Her ne kadar rutin vitamin desteğinin gebelik sonuçlarını iyileştirdiğine dair bilimsel kanıt yeterli düzeyde olmasa da ciddi beslenme yetersizliğine sahip adolesan gebeliklerinde multivitamin-mineral desteğinin, preterm doğumu ve düşük doğum tartılı bebekleri anlamlı oranda azalttığı gösterilmiştir.
Institute of Medicine ve ACOG gebelikte demir dışında rutin vitamin desteğinin gereksiz olduğuna dair fikir bildirmişlerdir. Ancak, her iki kurum da her gebe kadının günlük beslenme alışkanlıklarının değerlendirilmesini ve yetersiz besin alımı düşünüldüğünde veya yüksek-risk kategorilerine dahil olma durumu varlığında, ikinci trimesterin başında bir multivitamin desteğinin sağlanması gerektiğini belirtmişlerdir.
Siega-Riz tarafından 2002 yılında yapılan bir çalışmada, Kuzey Carolina’daki gebe kadınlar incelendiğinde, yalnız diyet yoluyla önerilen demir alımının yalnız %30 gebede, folat alımının ise yalnız %60 gebede karşılanabildiği ortaya konmuştur.

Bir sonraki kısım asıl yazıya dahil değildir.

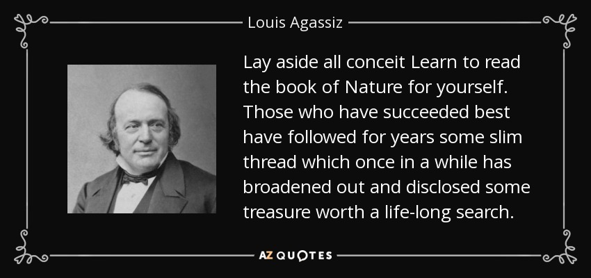 Lay aside all conceit Learn to read the book of Nature for yourself. Those who have succeeded best have followed for years some slim thread which once in a while has broadened out and disclosed some treasure worth a life-long search.
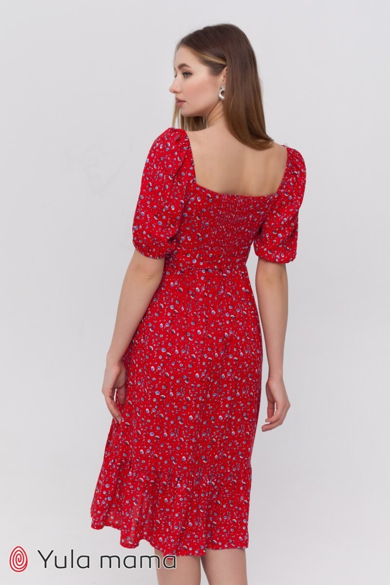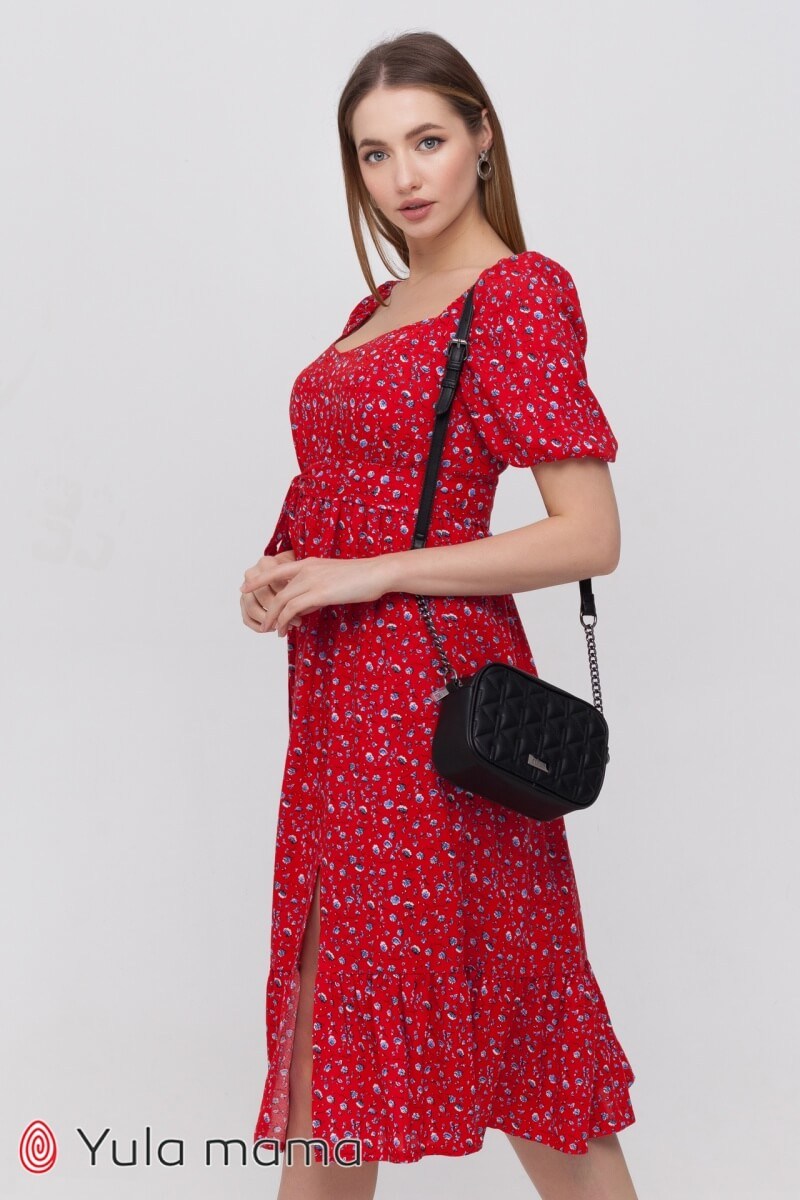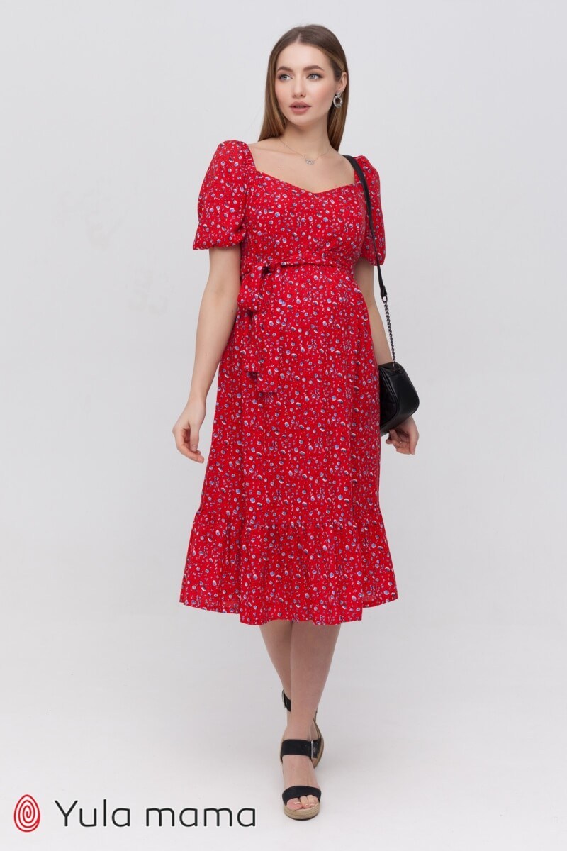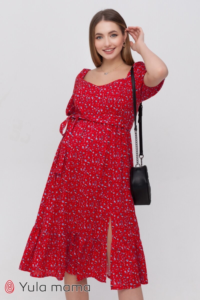 Дуже жіночне червоне плаття з квітковим принтом для вагітних та годуючих. Плаття з рукавами-буфами та ефектним розрізом з лівого боку виділить Вас з натовпу. Облягаючий ліф має потайні замочки для годування. Вільна спідниця дзвіночком з воланом по краю помістить навіть животик на 9 місяці вагітності та гарно лягає потім.

Bu da Amerikan kadınlarının yüksek gelir düzeylerine sahip olsalar dahi besin gereksinimlerini yalnız gıda yoluyla alamadıklarını göstermiş olup önemli bir gebe populasyonuna multivitamin desteği verilmesi gereğini ortaya koymuştur. Ancak, yapılan komplians çalışmalarında gebelerin yaklaşık 1/3’ünün reçete edilen multivitaminleri almadıkları görülmüştür. Düşük eğitim düzeyine sahip ve genç yaştaki kadınların daha az multivitamin kullandığı görülmüştür.
Sonuç olarak gebelere multivitamin desteği verildiğinde dahi multivitamin preparatlarının gerekli besin maddelerinin tamamını değil, yalnızca bir kısmını karşılamakta olduğu ve sağlıklı bir diyetin yerine asla geçmeyeceği açıkça vurgulanmalıdır. Gebeler dengeli ve çeşitli beslenme konusunda bilinçlendirilmeli, beslenme alışkanlıkları değerlendirilmelidir. Perikonsepsiyonel/erken gebelik döneminde tüm kadınlara folat desteği verilmelidir. Demir ve folat dışındaki gebelikte ihtiyacın arttığı tüm besin öğeleri, dengeli beslenme konusunda yapılan bilinçlendirme ile, (hastada nutrisyonel risk faktörü bulunmadığı taktirde) diyet yoluyla karşılanabilmektedir.